Keeping your Raspberry Pi online with watchdogs

How hardware and software watchdogs keep your Raspberry Pi running by detecting failures and triggering automatic reboots in hard to get to locations.

A while back, I built a solar-powered, self-hosted website. Running a website entirely on renewable energy felt like a win, until my Raspberry Pi Zero 2 W started ghosting me.

A solar panel on a rooftop during sunset with a city skyline in the background. — *My solar panel and Raspberry Pi Zero 2 are set up on our rooftop deck for testing.*

Every few weeks, it just disappears from the network: no ping, no SSH. Completely unreachable, yet the power LED stays on. The SD card has plenty of free space.

The solar panel and battery aren't the problem either. In fact, my solar dashboard shows they've been running for 215 days straight. Not a glitch.

Every time my Raspberry Pi goes offline, I have to go through the same frustrating ritual: get on the roof, open the waterproof enclosure, disconnect the Pi, pull the SD card, go to my office, reformat it, reinstall the OS and reconfigure everything. Then climb back up and put everything back together.

A Raspberry Pi 4 with an RS485 CAN HAT in a waterproof enclosure, surrounded by cables, screws and components. — *A Raspberry Pi 4 with an attached RS485 CAN HAT module is being installed in a waterproof enclosure.*

A month ago, I was back on the roof deck, battling Boston winter. My fingers were numb, struggling with tiny screws and connectors. This had to stop.

The Raspberry Pi Zero 2 W is a great device for IoT projects, but only if it can run unattended for years.

Watchdogs: a safety net for when things go wrong

Enter watchdogs: tools that detect failures and trigger automatic reboots.

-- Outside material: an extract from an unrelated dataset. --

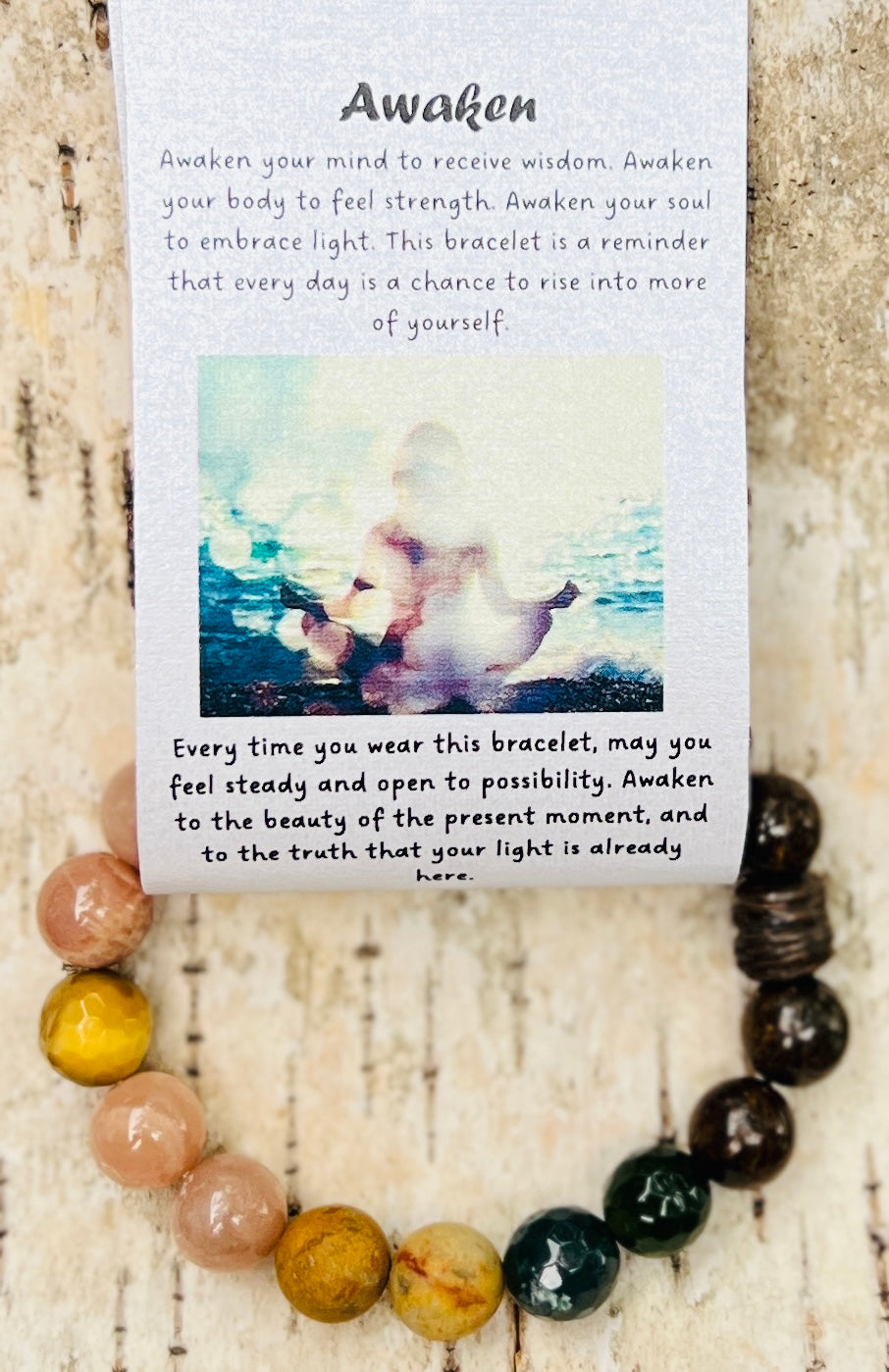 Awaken your mind to receive wisdom. Awaken your body to feel strength. Awaken your soul to embrace light. This bracelet is a reminder that every day is a chance to rise into more of yourself.

There are two types:

Hardware watchdog – Recovers from system-wide freezes like kernel panics or hardware lockups, by forcing a low-level reset.
Software watchdog – Detects and fixes service-level failures, such as lost network connectivity, high CPU load or excessive RAM usage.

Running both ensures the Raspberry Pi can recover from minor issues (like a dropped connection) and system crashes (where everything becomes unresponsive).

Hardware watchdog

The hardware watchdog is a timer built into the Raspberry Pi's Broadcom chip. The operating system must reset or pet the timer regularly. If it fails to do so within a set interval, the watchdog assumes the system has frozen and forces a reboot.

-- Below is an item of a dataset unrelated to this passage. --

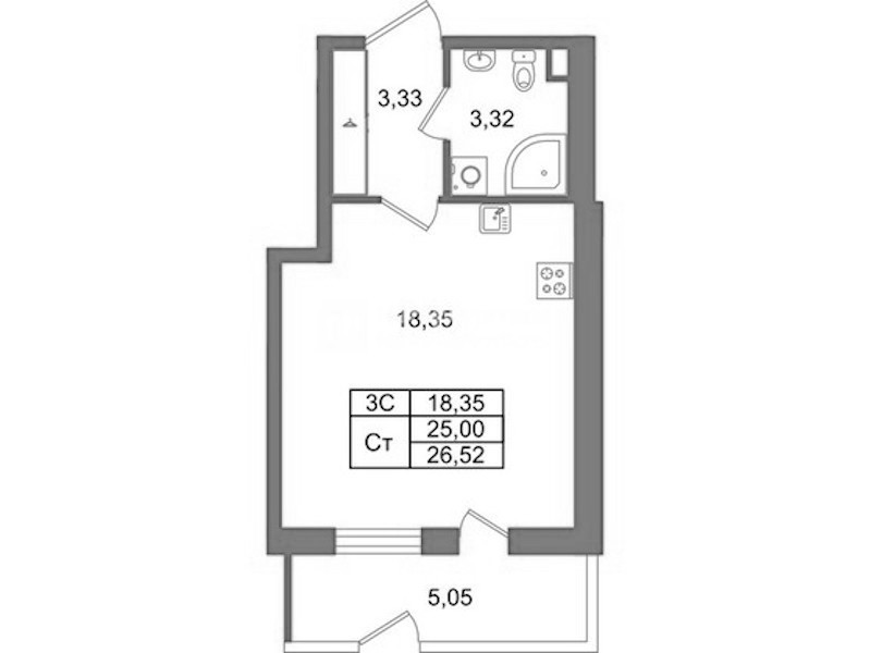 • Количество комнатСтудия

Since support for the hardware watchdog is built into the Raspberry Pi's Linux kernel, it simply needs to be enabled.

Edit /etc/systemd/system.conf and add:

 RuntimeWatchdogSec=10s
ShutdownWatchdogSec=10min

RuntimeWatchdogSec – Defines how often the watchdog must be reset. On the Raspberry Pi, this must be less than 15–20 seconds due to hardware constraints.
ShutdownWatchdogSec – Keeps the watchdog active during shutdown to detect hangs.

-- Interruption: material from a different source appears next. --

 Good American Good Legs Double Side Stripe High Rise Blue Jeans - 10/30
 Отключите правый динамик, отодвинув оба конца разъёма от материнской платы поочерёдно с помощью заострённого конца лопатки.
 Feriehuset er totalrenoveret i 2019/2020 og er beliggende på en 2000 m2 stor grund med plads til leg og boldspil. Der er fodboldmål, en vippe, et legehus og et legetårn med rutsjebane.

Restart systemd to activate the watchdog:

 $ sudo systemctl daemon-reexec

Once restarted, systemd starts petting the hardware watchdog timer. If it ever fails, the Raspberry Pi will reboot.

To ensure full recovery, set all critical services to restart automatically. For example, my web server starts by itself, bringing my solar-powered website back online without any manual work.

Software watchdog

The hardware watchdog catches complete system freezes, while the software watchdog monitors network connectivity, CPU load and other metrics.

To install the software watchdog:

$ sudo apt update
$ sudo apt install watchdog

Next, edit /etc/watchdog.conf and add the following settings:

# Network monitoring
ping = 8.8.8.8
ping = 1.1.1.1
ping-count = 5

# Interface monitoring
interface = wlan0

# Basic settings
watchdog-device = none
retry-timeout = 180
realtime = yes
interval = 20

What this does:

ping = 8.8.8.8 / ping = 1.1.1.1 – Checks that the Pi can reach Google (8.8.8.8) and Cloudflare (1.1.1.1).
interface = wlan0 – Ensures the Wi-Fi interface is active.
retry-timeout = 180 – Reboots the Pi if these checks fail for 180 seconds.
interval = 20 – Performs checks every 20 seconds.
watchdog-device = none – Instead of using the hardware watchdog, the daemon monitors failures and triggers a software reboot through the operating system.

While I'm just monitoring the network, you can also configure the watchdog to check CPU usage, RAM or other system health metrics.

Once configured, enable and start the watchdog service:

$ sudo systemctl enable watchdog
$ sudo systemctl start watchdog

Enabling the watchdog makes sure it launches automatically on every boot, while starting it activates it immediately without requiring a restart.

Debugging watchdog reboots

When a watchdog triggers a reboot, system logs can help uncover what went wrong. To view all recent system boots, run:

$ journalctl --list-boots

This will display a list of boot sessions, each with an index (e.g. -1 for the previous boot, -2 for the one before that).

To see all shutdown events and their reason, run:

$ journalctl --no-pager | grep "shutting down the system"

If you want more details, you can check the logs leading up to a specific reboot. The following command displays the last 50 log entries immediately before the last system shutdown:

$ journalctl -b -1 -n 50 --no-pager

-b -1 – Retrieves logs from the previous boot.
-n 50 – Displays the last 50 log entries before that reboot.
--no-pager – Prevents logs from being paginated.

Progress, but the mystery remains

Since installing these watchdogs, my Raspberry Pi has remained accessible. It has not gone offline indefinitely. Fingers crossed it stays that way.

My logs show the software watchdog reboots the system regularly. It always reboots due to lost network connectivity.

While the watchdog is working as intended, the real mystery remains: why does the network keep failing and leave the Raspberry Pi in an unrecoverable state?

Still, this is real progress. I no longer have to climb onto the roof in freezing weather. The system recovers on its own, even when I'm away from home.

— Dries Buytaert